Just wanted to post that my yearly scan was clear and now almost 9 years out since progressing back in August of 2004.  Blood tests will be done next week.

Lately, I have been reduced to chest X-rays on an annual basis, after going through all the frequent Ct & PET scans in the early years.

I had my recurrence from a stage 1A lesion on my right upper arm in 2004 after a 5 year interval, and then had 17 nodes removed from my right axilla with 1 macro sized positive node, followed by 5 doses of radiation, followed by 10 shots of the mel43 vaccine in a clinical phase 2 trial developed at UVA.  I started a supplement in 2004 regiment that I pretty much keep up every day with mostly items from the Vitamin Shoppe.  Lymphedema developed in my right arm and I wear a compression sleeve and sometimes I use the FlexiTouch masage machine but my arm garment is pretty much ruined from wear.

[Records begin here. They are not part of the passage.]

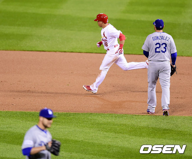 7회말 1사 3루에서 세인트루이스 웡이 다저스 엘버트를 상대로 투런포를 날리고 기뻐하고 있다./jpnews@osen.co.kr
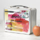 Almacene su pintura u otros materiales de arte en esta caja de almuerzo/ caja de material artístico. La parte delantera y trasera representan pintura y herramientas de acuarela. El frente tiene tu texto.
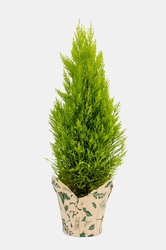 Lemon Cypress is a beautiful lime green shrub that gives off a lemony scent when you brush against its foliage.
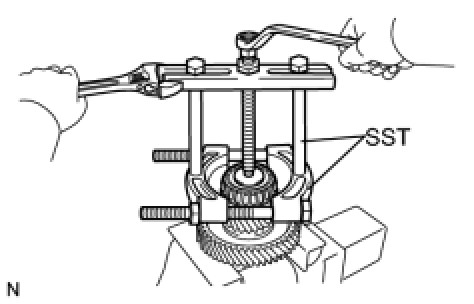 (a) Using SST, remove the counter driven gear rear tapered roller bearing and differential drive pinion from the counter driven gear.

 Very few stage 1A lesions recur overall, so I just accepted the "bad luck" as my surgeon pointed out, and moved on.

So, I am thankful to God for this grace period in this stage 3B holding pattern, and I pray for the well being of all fellow patients here and their caregivers

I hope this post gives some new patients some added hope.  Since my recurrence, I see that treatment for melanoma have been changed very rapidly and I pray that more good choices for adjuvant therapy become available to patients that have a higher risk of recurrence and that the treatments for stage 4 melanoma can halt or fully eradicate this disease.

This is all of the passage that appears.